Fungal strains were cultured on PDA medium for 5–20 d. Total conidial RNA was extracted using the RNeasy Plant Miniprep kit (Qiagen, China) following the manufacturer’s instructions and reverse transcribed using a Reverse transcription kit (TaKaRa, China). RT–PCR was performed with the iCycler iQ multicolor real-time PCR detection system with SYBR green (Bio–Rad). Each reaction was run in triplicate. The relative transcript levels of target genes were normalized to actin (GenBank accession no. HQ232398). For transcriptome sequencing, 10-day-old cultures were collected from PDA plates. Total RNA extraction was used for RNA sequencing (Meiji Biological Company, Shanghai, China).

Yeast one-hybrid assay.

To perform a yeast one-hybrid assay, the Bbcmr1 ORF (2295 bp) was amplified with the primer pair Bbcmr1-42AD-F/R using B. bassiana cDNA as a template and cloned into pB42AD to obtain pB42AD-Bbcmr1 (effector). The BbbrlA promoter fragments (−586 ∼ −637), (A4GA3)3, and (A4G2A2)3 were artificially synthesized and inserted into pLacZi to construct reporter vectors. The effectors and reporters were cotransferred into the EGY48 yeast strain to confirm interactions in yeast cells. Transformants were screened on SD/-Ura/-Trp selective medium at 30°C for 3–5 d, and positive colonies were transferred onto Minimal Synthetically Defined Medium Ga/Raf supplemented with X-gal (80 mg/liter) for color development, using empty pB42AD and pLacZi as negative controls. Similarly, a one-hybrid technique was used to determine the interaction between BbBrlA and the Bbcmr1 promoter (−642 ∼-692).

Expression and purification of BbCmr1.

To express GST-tagged proteins in E. coli, the Bbcmr1-encoding sequence was amplified and fused with the 3 end of GST in the pGEX-6p vector. The resulting vectors were introduced into E. coli BL21(DE3) for protein expression.

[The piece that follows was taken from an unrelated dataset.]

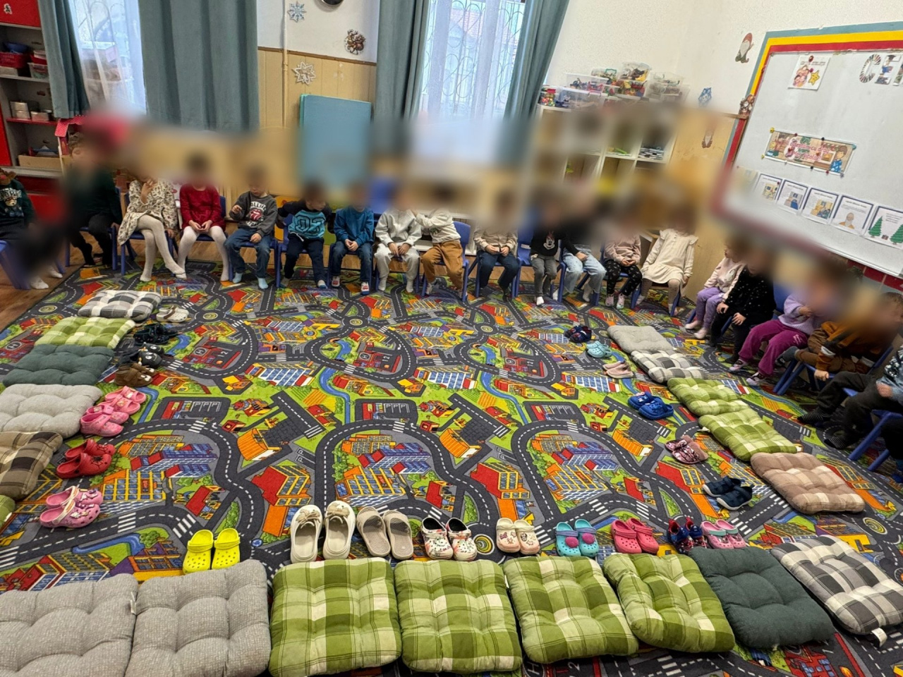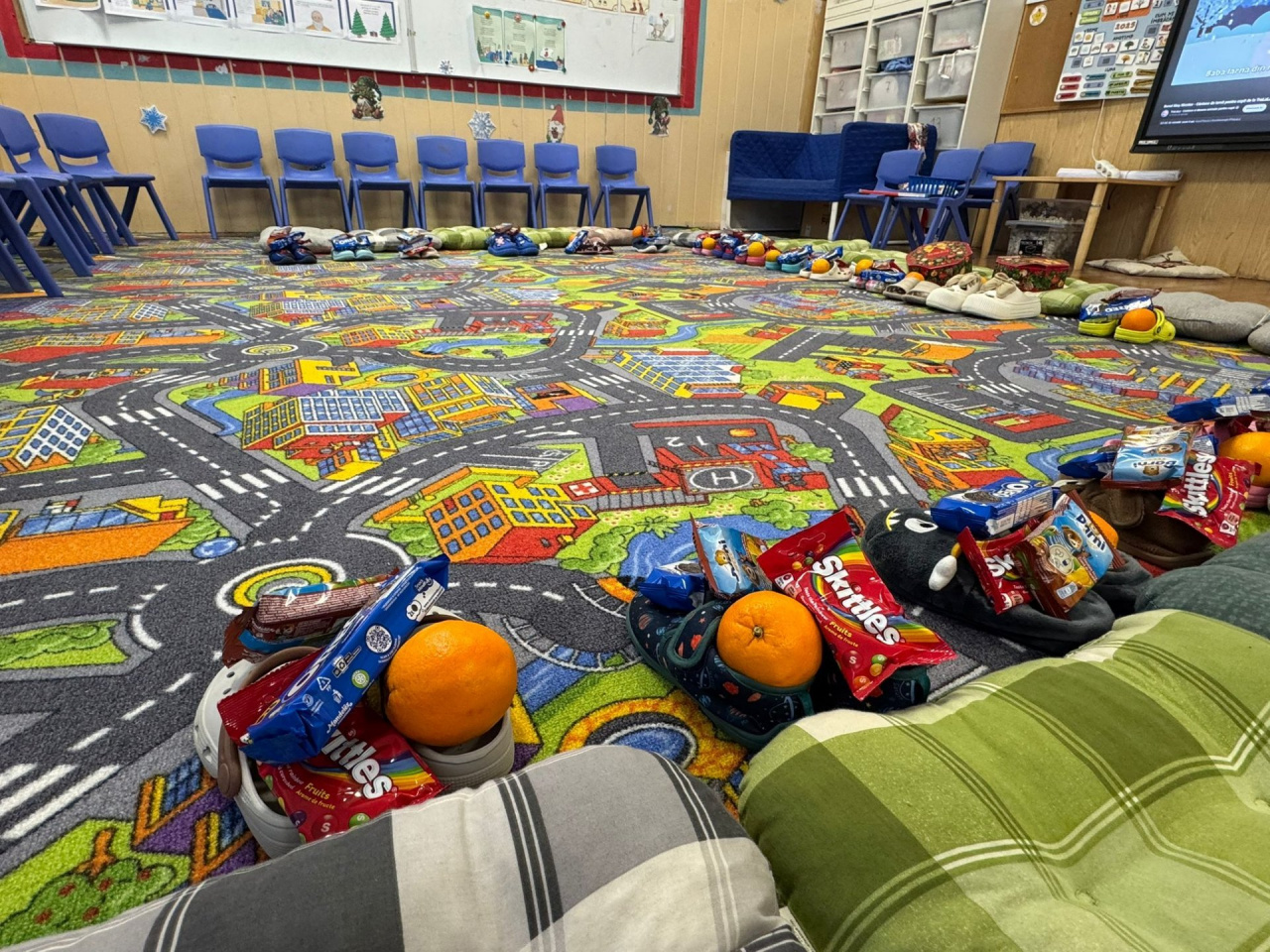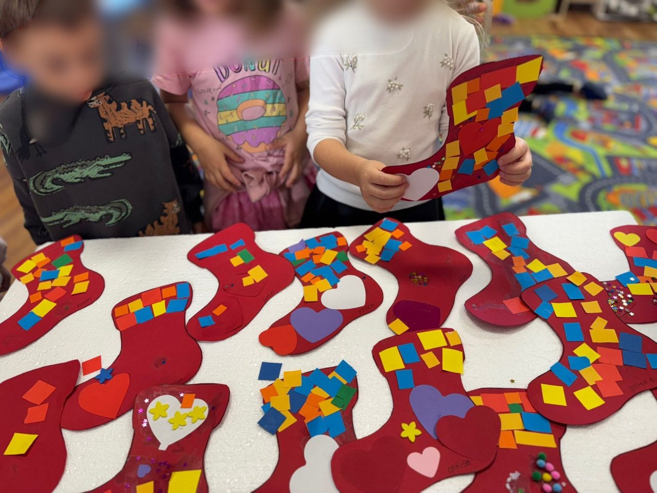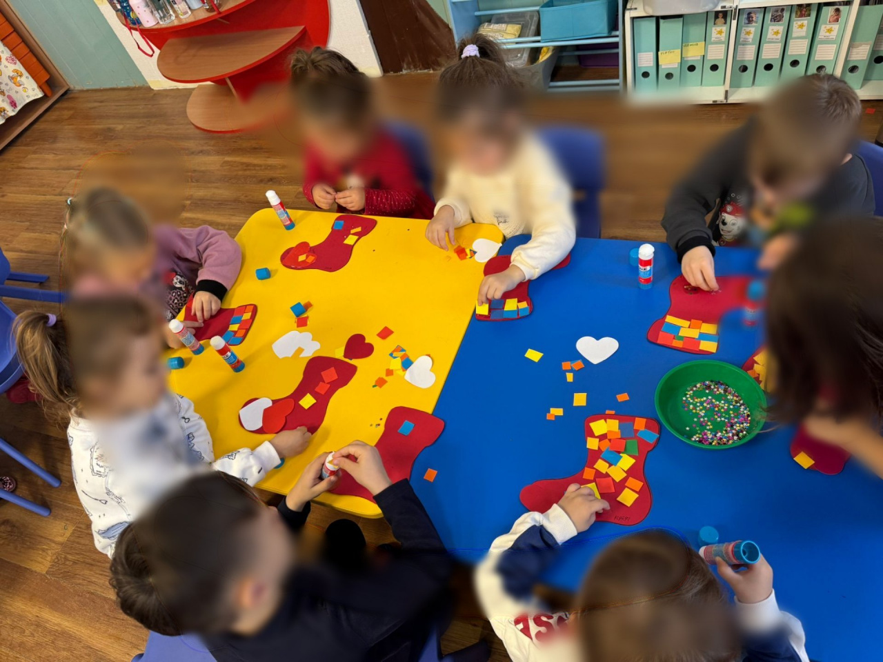 The materials used: paper boots, small pieces of paper of different colours, glue sticks, pillows, shoes.

Isopropyl β-d-thiogalactopyranoside (IPTG, 0.1 mM) was added to induce protein expression for 20 h at 20°C. Proteins were purified using the MagneGST Protein Purification System (Promega, USA) and verified by SDS–PAGE (Fig. S5).

EMSA.

For EMSAs, biotin-labeled DNA fragments containing putative binding sites (−586 ∼ −637 in the BbbrlA promoter, −642 ∼ −692 in the Bbcmr1 promoter) were synthesized (Huada Biological Technology, Beijing, China). EMSAs were conducted using the LightShift Chemiluminescent EMSA kit (Thermo Fischer Scientific, USA) following the manufacturer’s instructions. In competition assays, the unlabeled probe was added in a 200–800-fold excess.

Data availability.

The sequence data have been deposited in the Sequence Read Archive (SRA) under the accession PRJNA777036.